After the marked data is input into the model, firstly, the first layer BERT pre-training model is used, text vectorization is realized by combining a multi-head attention model, different positions are simultaneously focused in the extraction process to input information representing different subspaces, and a plurality of attention layers perform parallel computation. The present invention introduces a multi-headed attention structure to optimize the classical BERT model, which maps queries and a set of key-value pairs to the output, i.e. computes a weighted sum of the weight values assigned to each value using the queries and the corresponding keys. The output of the Scaled product attribute layer is calculated by equation (1):
Figure BDA0003725427340000051
wherein, the input is three in number,
Figure BDA0003725427340000052
respectively representing a query matrix, a key matrix and a value matrix. d is the size of the hidden unit of the BilSTM layer equal to dhIn the experiment, Q = K = V = H, H = { H =1,h2,h3,…hnIs the output of the BilsTM layer. The multi-head attention layer firstly linearly projects the query, the key and the value h times through different projection layers, and each projection layer is calculated as shown in a formula (2). The h projection layers then perform the scaled point-by-attention shown in equation (1) in parallel, and finally join the results of these h attentions and project again to get the final output, as shown in equation (3).

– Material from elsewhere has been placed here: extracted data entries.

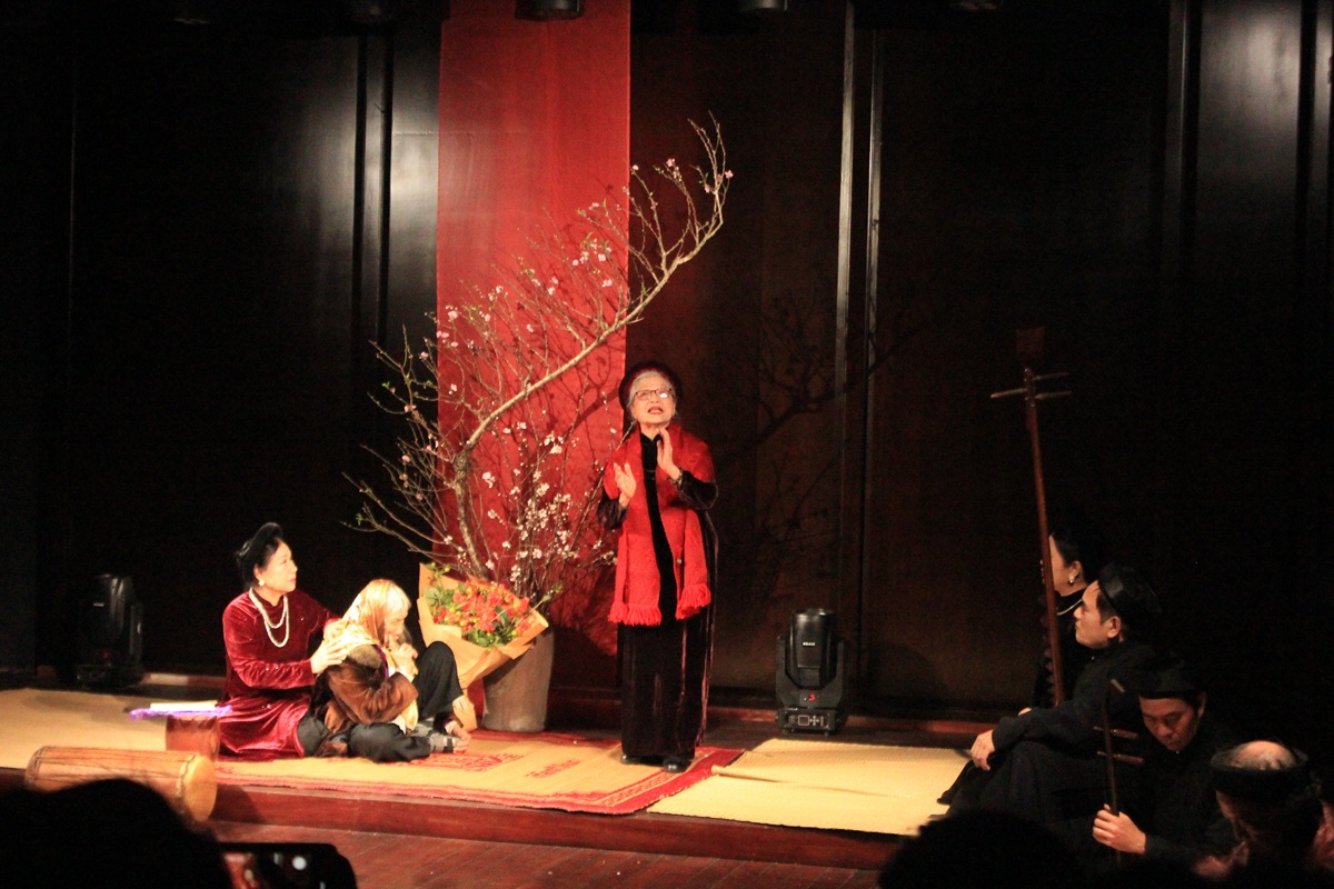 NSND Mẫn Thu trình diễn tuồng cổ. Ảnh: TITC
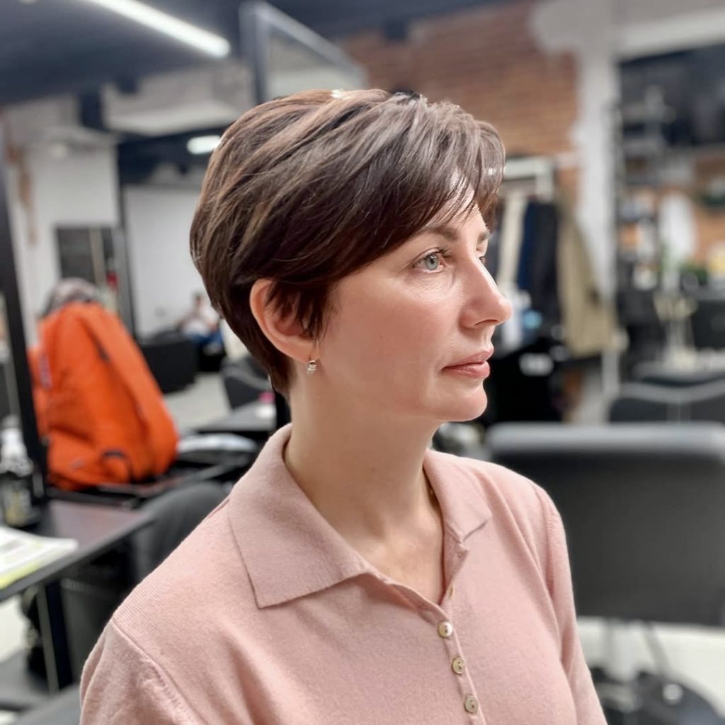 Elegant in its simplicity, this rich brown pixie features soft, side-swept bangs and a neatly sculpted shape that’s ideal for fine-haired, oval face types. This style maintains a clean silhouette due to the precise parting, but the length of the front allows for hairflow aesthetics and slight movement. This is a particularly easy style to maintain-perfect for women who want a classic, unfussy style that still has a polished, 2025-appropriate vibe.
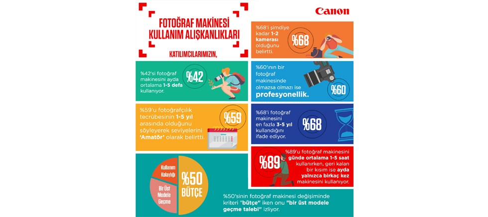 Her 10 katılımcıdan 1’i ise profesyonel fotoğrafçı olarak belirlendi. Katılımcıların yüzde 42’si fotoğrafçılığı hobi ve ilgi alanı olarak belirtip makinesini ayda ortalama 1 ila 5 defa arasında kullandığını paylaştı, yani Türkiye’de fotoğrafçıların neredeyse yarısı yaklaşık her hafta fotoğraf makinesini kullanıyor. Ankete katılanların yüzde 89’u kadar büyük oranı ise fotoğraf makinesini her kullanımda aralıksız 5 saate kadar kullandığını ifade ediyor.
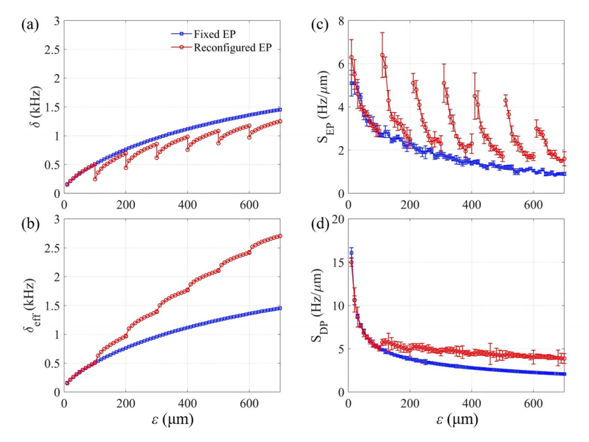 该团队提出了基于四波混频(FWM)机制的可重构奇异点(EP)传感方案,通过动态调节外部FWM注入信号,恢复系统的宇称时间反对称性与EP,从而实现传感的自适应。在传感器与磁靶标600μm范围内的轴向位移扰动情况下,可重构EP能够保持高灵敏度,最高比传统的固定EP方案提高3.5倍,适用于大动态范围的高精度测量。此项研究为高精度计量领域的自适应传感器开发提供了灵活的框架,能够有效推动下一代高精密传感技术的发展。
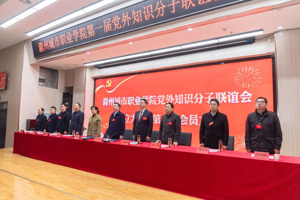 大会在雄壮的国歌声中拉开帷幕。滁州市知联会副会长邓泽军对学校知联会的成立表示热烈祝贺。他希望学校知联会充分发挥桥梁纽带作用,把党外知识分子团结起来,为推进学校一流技能型高水平大学建设建言献策。
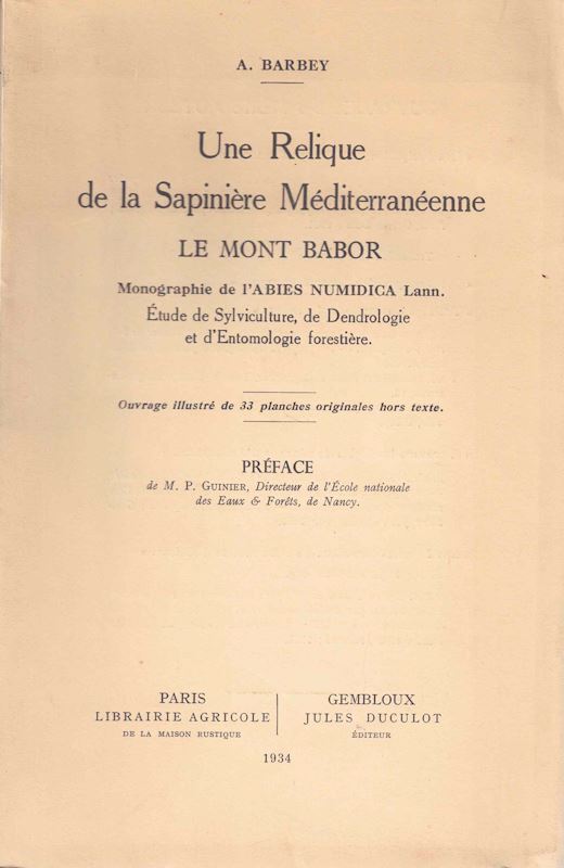 Une Relique de la Sapinière Méditerranéenne.Le Mont Babor. Monographie de l'Abies Numidica Lann. Etude de Sylviculture, de Dendrologie et d'Entomologie forestière. 1934. 33 pls. 82 p. gr8vo. Paper bd.
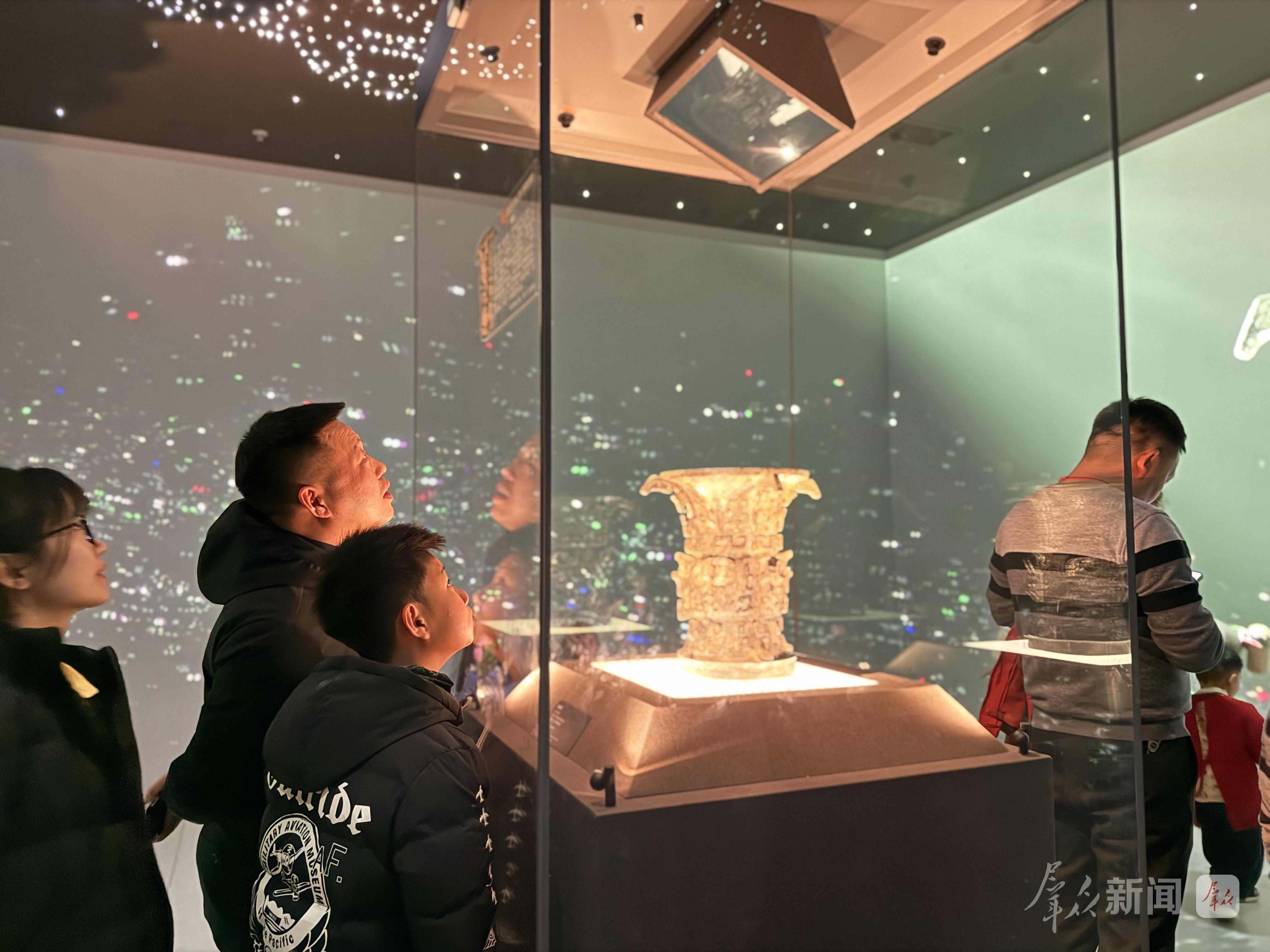 记者看到,全新呈现的基本陈列《青铜铸文明》,以6300平方米的展陈空间,精选1100余件(组)文物,清晰勾勒出周秦文明的脉络。在何尊展柜前,游客们不约而同地仰起头,借助反光镜,只为看清尊底那跨越数千年的“中国”二字铭文。

Figure BDA0003725427340000053
H'=(head1,head2,head3,…,headh)WO (3)
Among these, the present inventors have found that,
Figure BDA0003725427340000054
are all projection layer parameter matrices, d in the projection layer parameter matrixk=2dh/h,
Figure BDA0003725427340000055
Are also trainable parameters. The BERT model mainly uses two tasks of a mask language model MLM and the next sentence prediction NSP for combined training. The MLM task is inspired by complete filling, 15% of words are randomly selected in the training process, wherein 80% of words are covered by a 'mask' symbol, 10% of words are replaced by other random words, 10% of original words are reserved, the words which are not covered are used for predicting the covered words, and the model can input information on the left side and the right side of one word into the model by using context information to predict the current word. The input of the NSP task is two sentences A and B, the two sentences of the training model have 50% of probability of continuous context and 50% of probability of discontinuous context, and the model is used for predicting whether the sentence B is the next sentence of the sentence A or not so as to judge the sentence relation. The BERT model is subjected to fine adjustment on different downstream tasks in an adjustment stage by adding a divider or an output layer, can be applied to tasks such as sentence pair classification tasks, sentence classification tasks, question and answer tasks and labeling tasks, and has the characteristics of universality and optimized performance effect.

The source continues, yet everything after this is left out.